In accordance with a rapid spread of information relevant apparatuses and communication apparatuses such as a personal computer, a video camera and a portable telephone in recent years, the development of a battery to be utilized as a power source thereof has been emphasized. The development of a high-output and high-capacity battery for an electric automobile or a hybrid automobile has been advanced also in the automobile industry. A lithium battery has presently drawn attention, from the viewpoint of a high energy density among various kinds of batteries.
There have been conventionally attempts to improve performance of a lithium battery in the field of such lithium batteries, while focusing on an interface of an electrode active material. For example, in Non Patent Literature 1 and Patent Literatures 1 to 3, a technique for forming a coating layer on the surface of a cathode active material of a lithium battery is disclosed.

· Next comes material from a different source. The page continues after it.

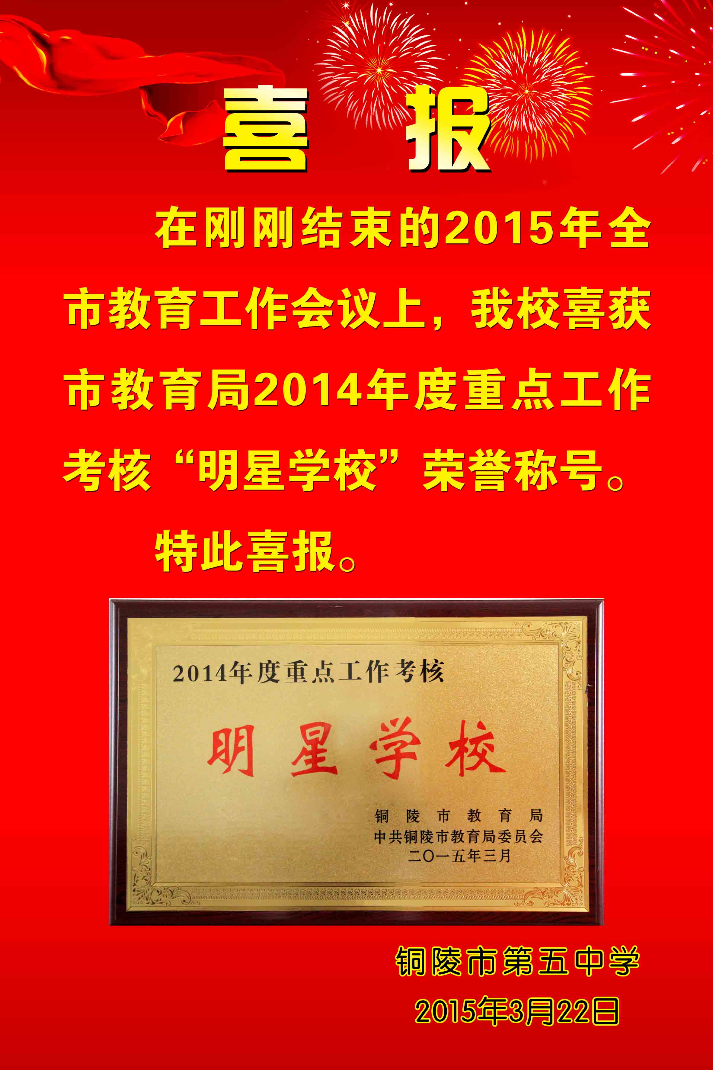 在剛剛結束的全市教育工作會議上,我校在2014年度學校重點工作考核中獲“明星學�!惫鈽s稱號,特此報喜,感謝大家的努力拼搏!

Specifically, in Non Patent Literature 1, a technique for coating the surface of a cathode active material comprising LiNi0.5Mn1.5O4 with Li3PO4 by using an electrostatic atomizing method is disclosed. Also, in Non Patent Literature 1, it is disclosed that Li3PO4 coated by an electrostatic atomizing method is crystallized by heat-treating at 400° C. for 20 minutes.
Also, in Patent Literature 1, a technique for forming a coating layer in such a manner that Al2O3 and Li3PO4 are coated on the surface of a cathode active material of a lithium manganese complex oxide and heat-treated by a liquid phase method is disclosed. In addition, in Patent Literature 2, a technique for forming a coating layer in such a manner that ZrO2, Al2O3 or TiO2 are coated on the surface of a cathode active material composed of LiNiCoMnO2 and heat-treated at 400° C. or less by a pulsed laser deposition method is disclosed. Furthermore, in Patent Literature 3, a technique for coating the surface of a cathode active material composed of LiCoO2 with Li3PO4 and Li4SiO4 by using a PLD method is disclosed.